## Activity
Print nothing but the lines from the start of the listing below through the line that contains "Today, I created". Do not include the pictures.

════════

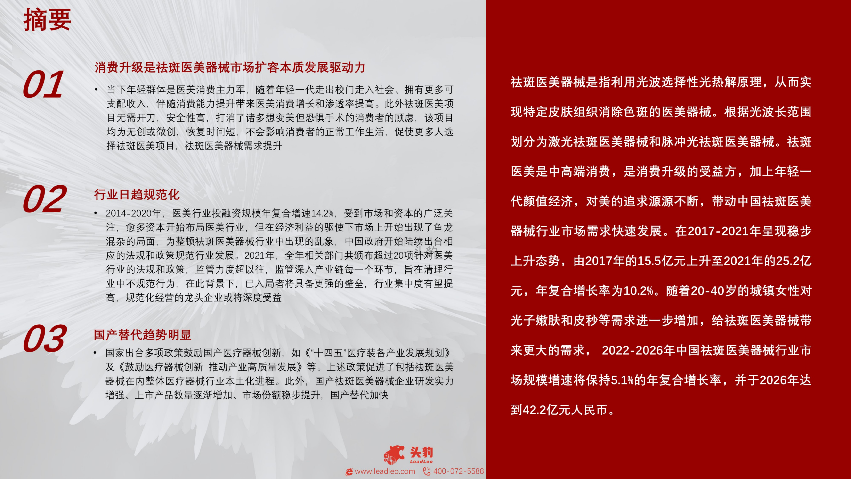 当下年轻群体是医美消费主力军,随着年轻一代走出校门走入社会、拥有更多可支配收入,伴随消费能力提升带来医美消费增长和渗透率提高。此外祛斑医美项日无需开刀,安全性高,打消了诸多想变美但恐惧手术的消费者的顾虑,该项目均为无创或微创,恢复时间短,不会影响消费者的正常工作生活,促使更多人选择祛斑医美项目,祛斑医美器械需求提升
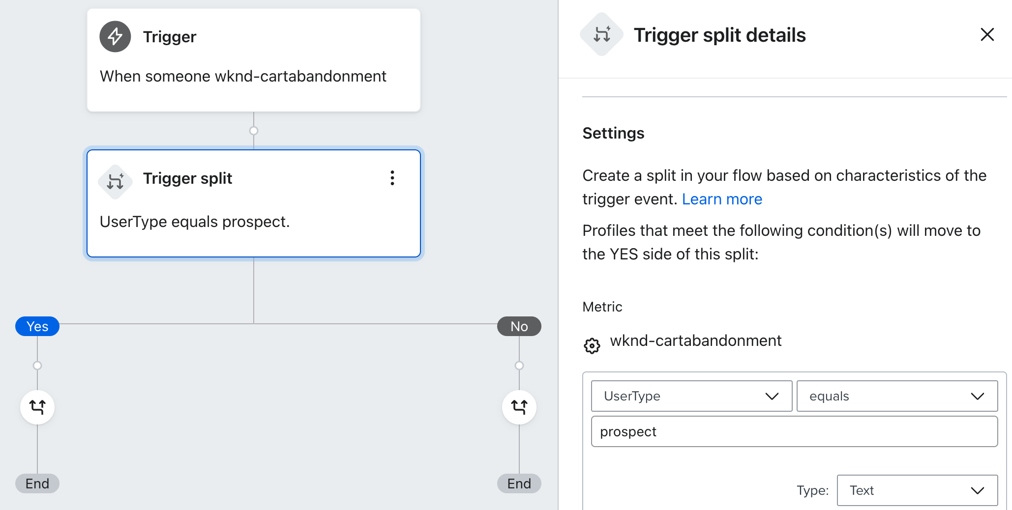 UserTypeequalsprospect - After clicking Save, your flow will update to show a Yes/No split
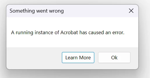 My other CC apps appear to work ok but I can't open pdfs on my Windows. I've tried uninstalling and reinstalling the app but it stilll won'd work. I get the following error message.
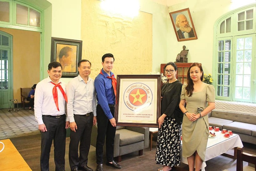 Đồng chí Đào Đức Việt - Phó Bí thư Thành đoàn, Chủ tịch Hội đồng Đội thành phố Hà Nội cùng Ban giám hiệu nhà trường tặng gia đình đồng chí cố Tổng Bí thư Lê Duẩn bức tranh kỉ niệm với dòng chữ: "Trường Lê Duẩn - 40 năm đồng hành cùng công tác Đoàn, Hội, Đội và phong trào thanh thiếu nhi Thủ đô".
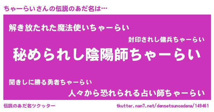 | 意味不明あだ名 | 『住所不定無職ちゃーらい(71歳)』 |
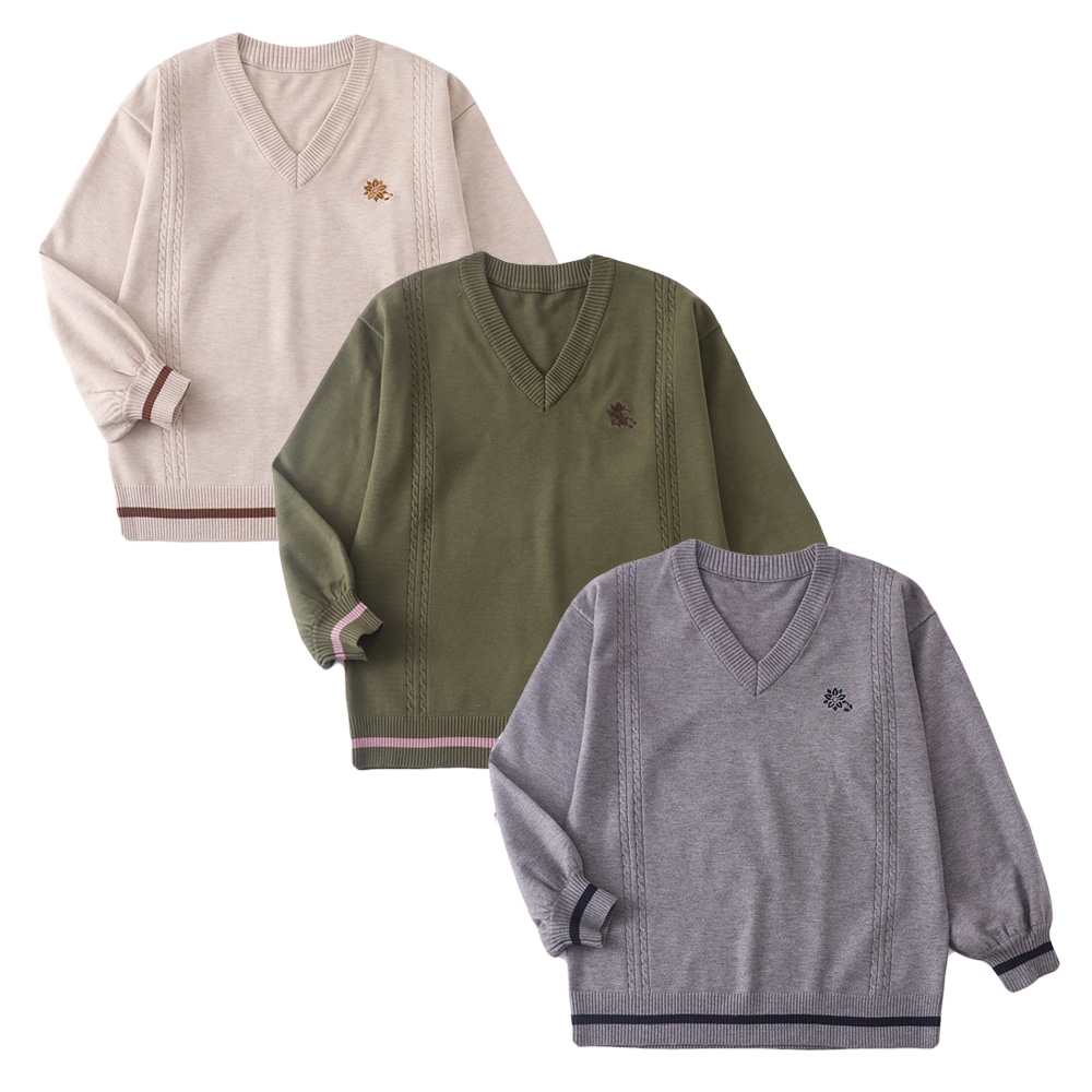 (대여) 남녀공용 브이넥 플라워자수 긴팔 니트 스웨터
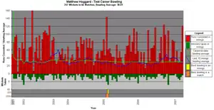 A graph showing Hoggard's test career bowling statistics and how they have varied over time.
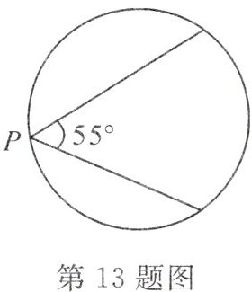 13. 新考向 真实情境(2023·郴州)如图,某博览会上有一个圆形展示区,在其圆形边缘的点$P$处安装了一台监视器,它的监控角度是$55^{\circ}$,为了监控整个展区,最少需要在圆形边缘上共安装这样的监视器
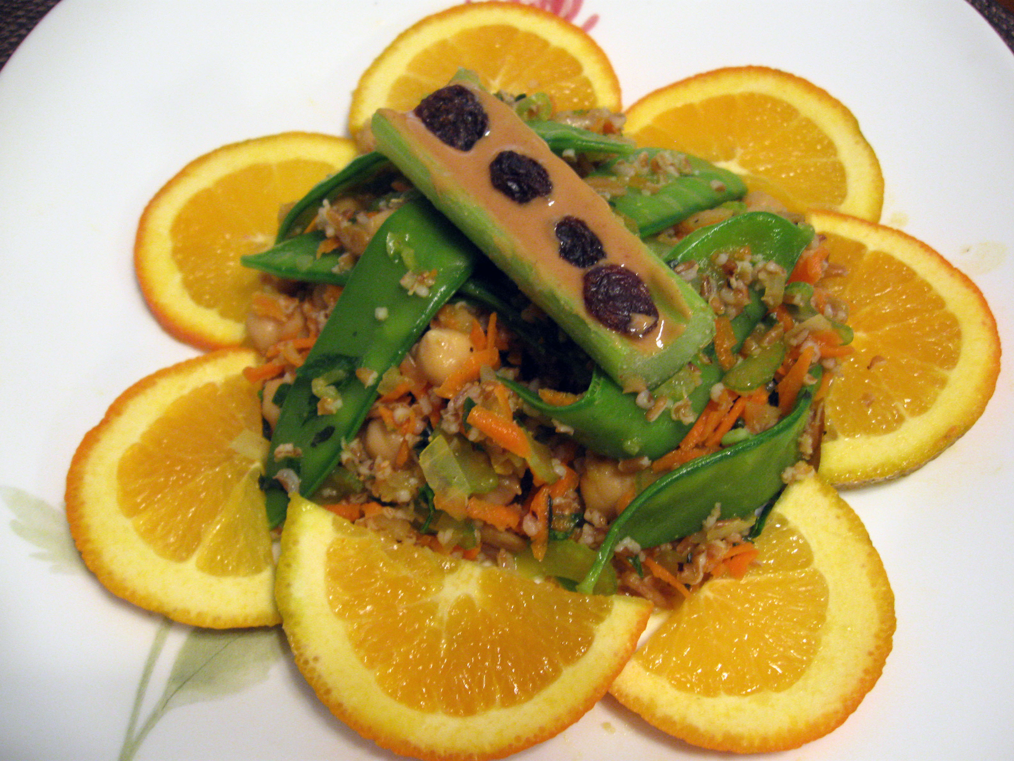 Today, I created a masterpiece vegan salad. The flavors are balanced and you can just feel the freshness, power, and energy with each bite. Here is the recipe and photo. The little celery stick on top with peanut butter and raisins is called Ants On A Log. This was created by one of my children.
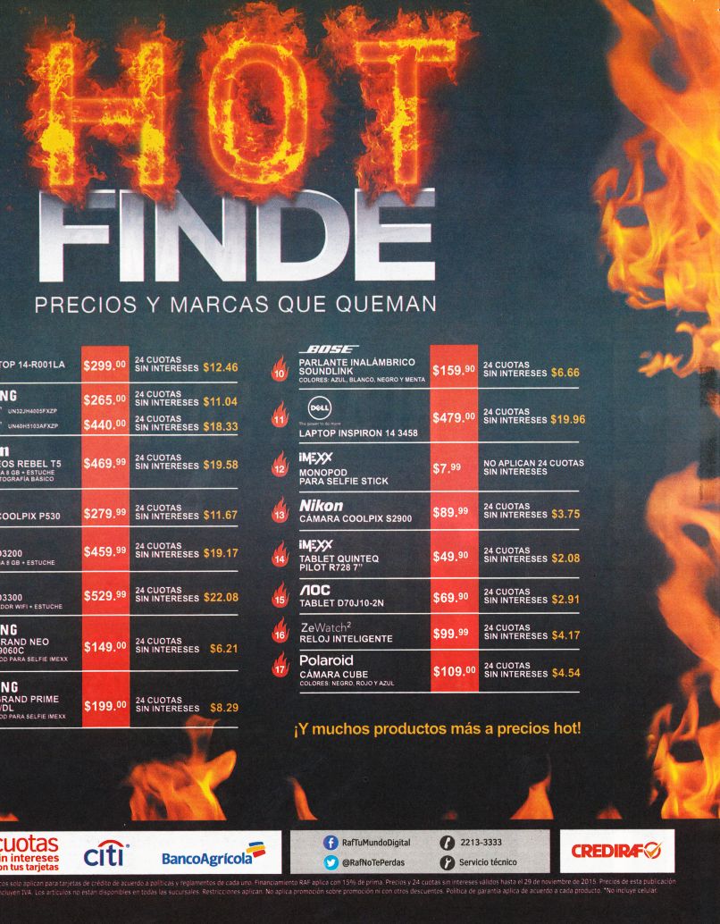 Todos los clientes podran disfrutar en sus restaurantes preferidas de varias opciones de ofertas con toda su familia, The green house por ejemplo tendra SALE de desayunos al 2×1. Para los que gustan de Taco no podran dejar pasar esta opcion del TACO FRIDAY de restaurante La Campana cualquier especialidad por solo $0.50 centavos de dollar. Puedes visitar ademas los sandwich QUIZNOS y pedir tu combo agrandado completamente GRATIS. «Tiendas RAF presenta su HOT FINDE 2015 precios ardientes» «Electronica Japonesa el savador presenta su BLACK WEEKEND sale» «DEALS big pot playing now SEARS store» «Hasta 75 OFF de descuentos BLACKfriday2015 de PRADO el salvador» «El unico y verdadero BLACK FINDe lo encuentras en PRADO sv» «Los mejores precios en electrodomesticos este proximo VIERNES negro 2015» «Black DAYS Almacen ACOSA te hace las cosas mas facil en tecnologia – 26nov15» «Cheers for friends party 40 OFF via banco agricola» «Descuento credomatic en el viernes negro 2015» «Solo PAPA JOHNS te da tu segunda pizza con 99 OFF BlackFriday2015» «Escoge tu producto y conce su precio HOT Finde RAF el salvador»
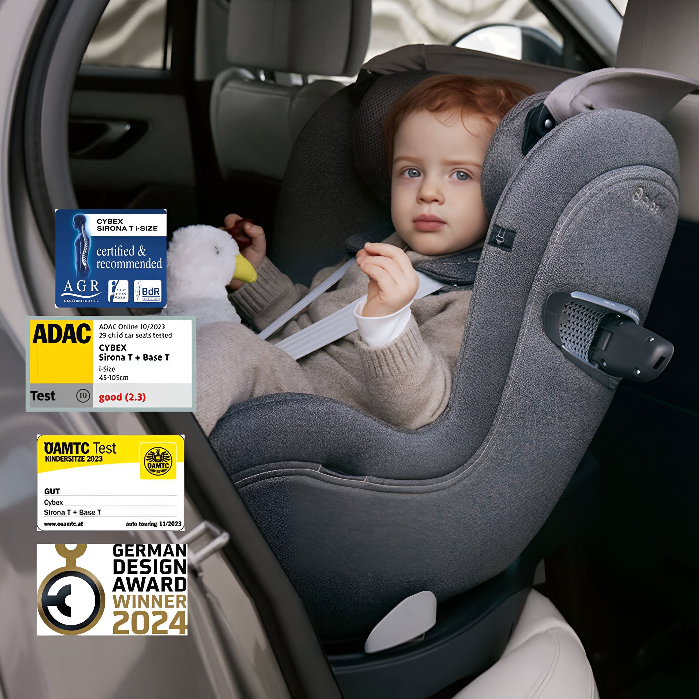 Awarded a “Good” rating in the ADAC test, the Sirona T i-Size rear-facing car seat features all-round air ventilation. Choose the Plus option for an integrated sun canopy. Only compatible with the Base T or Base Z2.
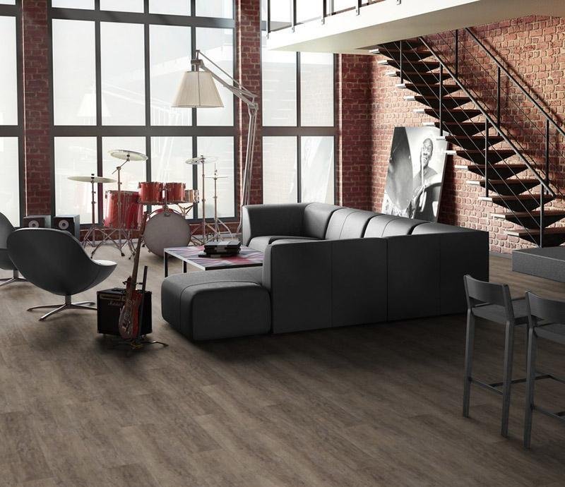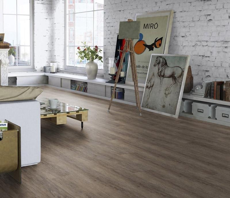 Влагостойкое виниловое покрытие 31 класса Progressive House в декоре Gabriel коричневого цвета с фаской по периметру на замковой системе Click от производителя Tarkett. Планки с текстурой дерева толщиной в 4,4 мм имеют дополнительный защитный слой Extreme Protection обеспечивающий надёжную защиту поверхности и лёгкость в уборке. Кроме того, защитный лак Extreme Protection обладает исключительно высокой механической прочностью и износостойкостью. Лак не имеет запаха, не токсичен и экологически безопасен. В качестве основы для коллекции Progressive House с замком используется прочный природный неорганический наполнитель Микромрамор, который получают путем измельчения и фрактации белого мрамора. Он придает покрытию дополнительную жесткость, стабильность линейных размеров, устойчивость к вмятинам и обуви.

════════

## Output of the exercise
 当下年轻群体是医美消费主力军,随着年轻一代走出校门走入社会、拥有更多可支配收入,伴随消费能力提升带来医美消费增长和渗透率提高。此外祛斑医美项日无需开刀,安全性高,打消了诸多想变美但恐惧手术的消费者的顾虑,该项目均为无创或微创,恢复时间短,不会影响消费者的正常工作生活,促使更多人选择祛斑医美项目,祛斑医美器械需求提升
 UserTypeequalsprospect - After clicking Save, your flow will update to show a Yes/No split
 My other CC apps appear to work ok but I can't open pdfs on my Windows. I've tried uninstalling and reinstalling the app but it stilll won'd work. I get the following error message.
 Đồng chí Đào Đức Việt - Phó Bí thư Thành đoàn, Chủ tịch Hội đồng Đội thành phố Hà Nội cùng Ban giám hiệu nhà trường tặng gia đình đồng chí cố Tổng Bí thư Lê Duẩn bức tranh kỉ niệm với dòng chữ: "Trường Lê Duẩn - 40 năm đồng hành cùng công tác Đoàn, Hội, Đội và phong trào thanh thiếu nhi Thủ đô".
 | 意味不明あだ名 | 『住所不定無職ちゃーらい(71歳)』 |
 (대여) 남녀공용 브이넥 플라워자수 긴팔 니트 스웨터
 A graph showing Hoggard's test career bowling statistics and how they have varied over time.
 13. 新考向 真实情境(2023·郴州)如图,某博览会上有一个圆形展示区,在其圆形边缘的点$P$处安装了一台监视器,它的监控角度是$55^{\circ}$,为了监控整个展区,最少需要在圆形边缘上共安装这样的监视器
 Today, I created a masterpiece vegan salad. The flavors are balanced and you can just feel the freshness, power, and energy with each bite. Here is the recipe and photo. The little celery stick on top with peanut butter and raisins is called Ants On A Log. This was created by one of my children.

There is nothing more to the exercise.